深深地吸了一口气,张良看着旁边黑着一张脸的苏阳,不禁苦笑,他知道苏阳定然怪他心软,没有斩钉截铁地拒绝刘邦,不过……
回头望了一眼,那古木森林之中那几个偌大的‘春意茶坊’,四个字,张良觉得,其实没必要计较这么多,他虽然没拒绝刘邦,也没同意,想来他日后大多时间都在吕府内教授学子,应该没什么机会被刘邦的家人撞上之类的,所以,张良心里倒是一片平和。

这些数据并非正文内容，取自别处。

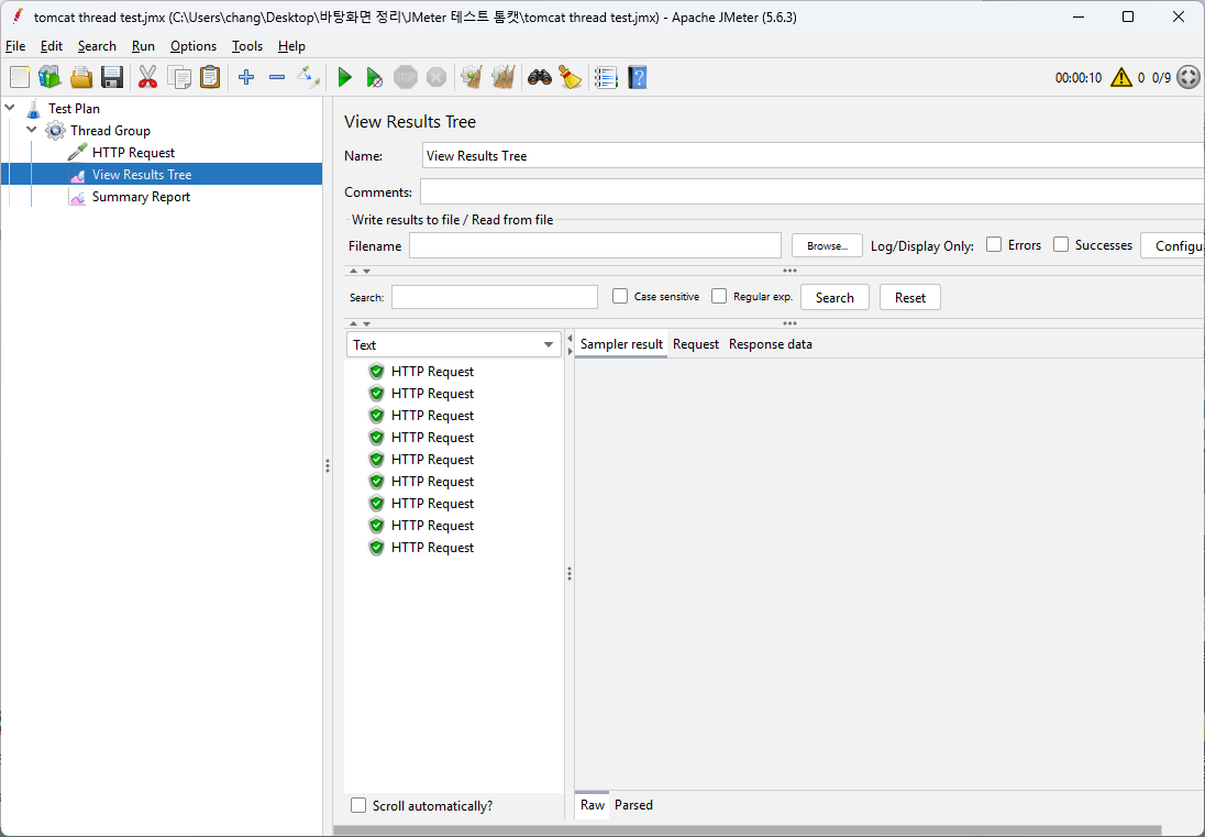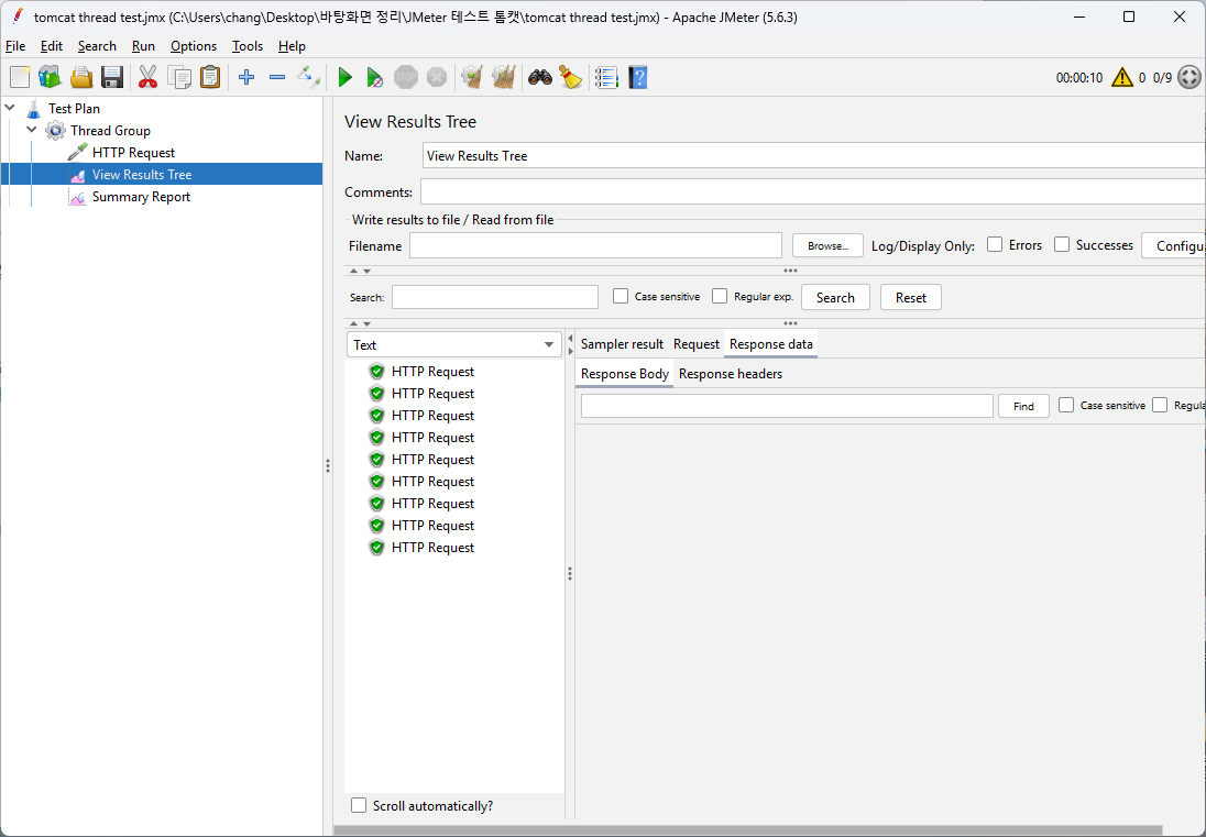 실제 위 설정들이 효과있는지 테스트해보자. 병목을 쉽게 만들기 위해 스레드 풀과 커넥션 설정 값을 낮게 설정하고, JMeter를 사용하여 요청을 보냈다.

刘邦是个深藏不露的人,不管是他的武功,还是他故做浪荡的随性,张良都忍不住怀疑。
暗沉的夜色,镶嵌着稀稀落落的星辰,凉风拂过残叶,盘旋在空气里,撞上张良洁白的衣角。
“表哥,你说少羽很可能就在沛县?”苏阳陪着张良,坐在小院之中,双眼甚是迷茫地看着漆黑的天空,零星地散落几颗黯淡的星辰,让人瞧不真切。

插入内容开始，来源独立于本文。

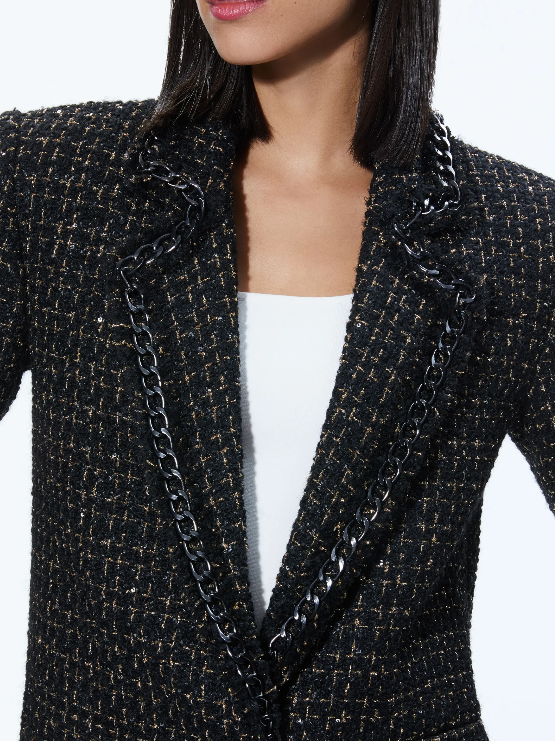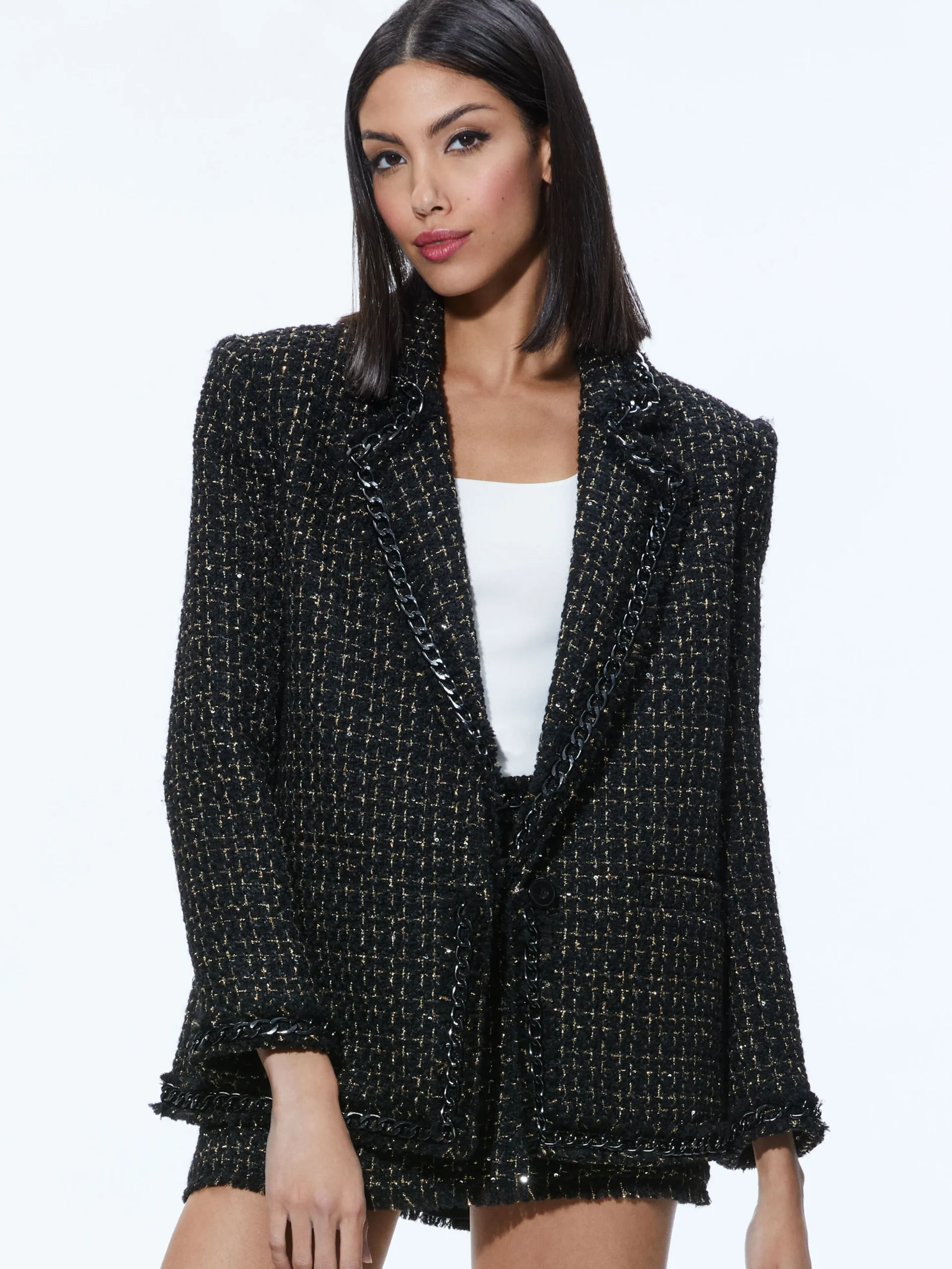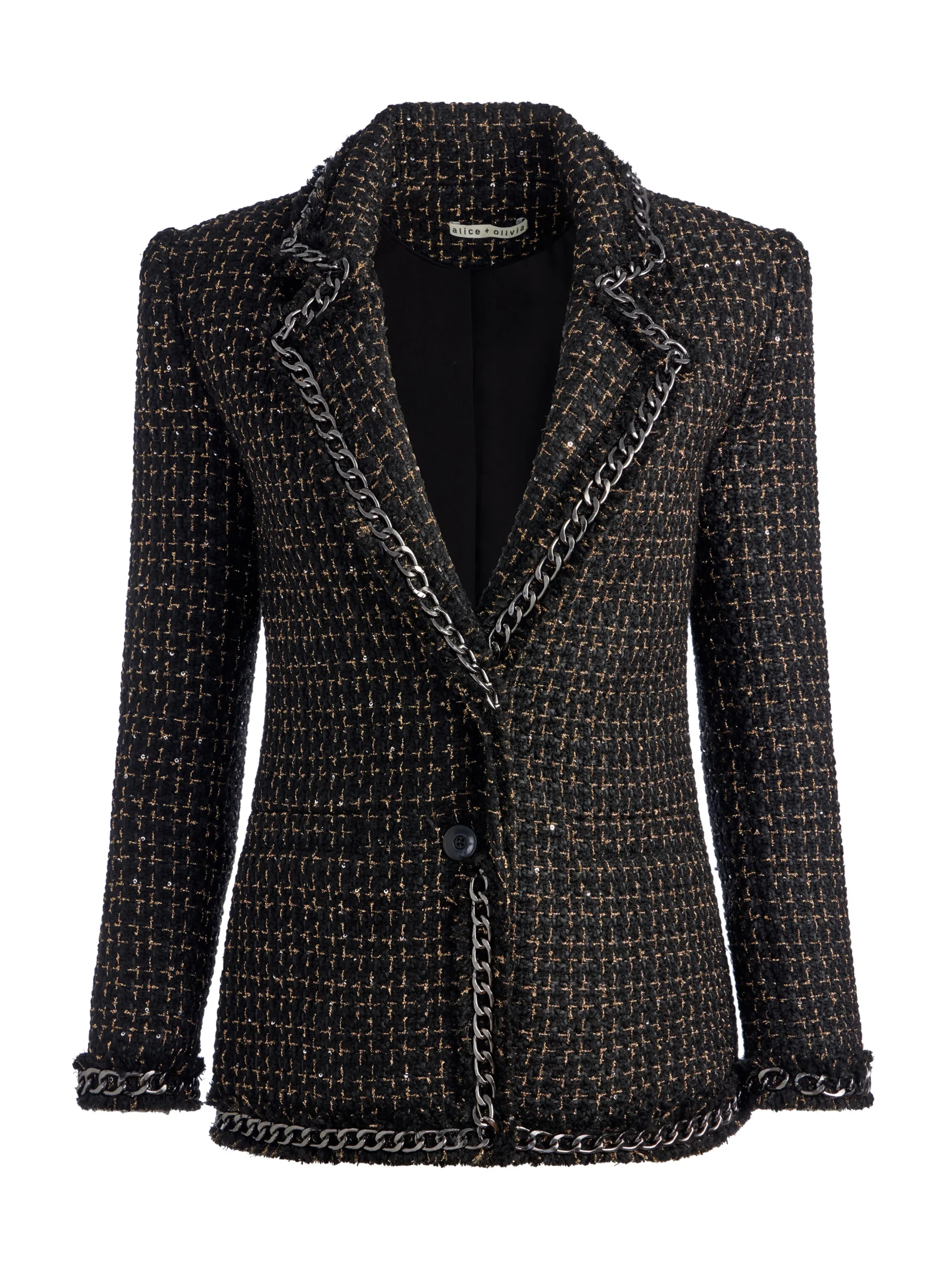 Alice and Olivia SHAN TWEED CHAIN TRIM BLAZER BLACK/GOLD*CLOTHING | CLOTHING

“来到沛县,这是我第一次窥视星韵轨迹,想来,应是不会错的。”张良斜躺在苏阳为他铺着厚实绒被的藤椅上,眼神盯着如墨的天色,喃喃地说道,心中除了不确定,更多的还是震惊,离开辋川蓝田之时,老头儿要他来此寻楚门项氏一族,而今日他也看到,那显示烁主之象的赤龙星,不但在沛县,而且已然出现在他的本命星身边?难道少羽已经出现,只是他还没发现?张良情不自禁地蹙紧了眉头,突然想起老头儿离开前曾告诉他的话,族秦者虽楚,终非天命所归,他的意思,螭龙游离,异有所能者,非一人也……
“非一人也……”张良情不自禁地念叨着这几个字,若说赤龙烁主,并非楚门少羽,那有会是谁呢?如今出现在他身边的人,谁会是那颗赤龙星呢?
“鸾皇而余,幽兰而伫,济白于水,阆风望妒……”苏阳迷茫的眼神,甚是不解地听着张良幽幽地念出这几句诗,张着嘴正待要问是何意,却不想张良突然转身,淡然地噙着笑意看着他说道:“你可知沛县何处有水泽湖泊?”
“水泽湖泊?”苏阳不禁一愣,而后摇首道:“不知道,我明日去打听打听。”
“嗯……”张良淡淡地螓首。
“为什么要找水泽湖泊?”苏阳甚是不解地问。
“鸾皇相交,帝后双星均现,赤龙星虽黯淡无光,却有月辉相照,想不到这沛县藏龙卧虎,不止有帝星临空,连女星也照耀这方寸之地,如今赤龙星已近我本命星,女星处幽兰之象,帝星临风顺水,若我料得不错,三日之后,便是我等相遇之时,将星有耀光之势,剑气如虹,帝、将之星旁有水韵相扰,想来这两人定有一战,应在临水之地,故而问你,附近可有水泽湖泊之地。”张良依旧浅浅地笑着说道。
“你是说,三日之后,我们就可以见到少羽了?”苏阳听了张良一席话,虽大多不懂,不过却隐隐觉得张良应是这个意思。
“也许是……”张良回头望了一眼苏阳,笑道。
“什么叫也许是?”苏阳听张良似是而非的话,心里不禁嘀咕,不过没有说出来,唯有在心里纳闷。
“表哥,我看着这吕老爷倒是个惜才之人,当初他让你住在府内,你为什么拒绝呢?”苏阳坐在张良身边的木椅上,脸上露出大大的疑惑来。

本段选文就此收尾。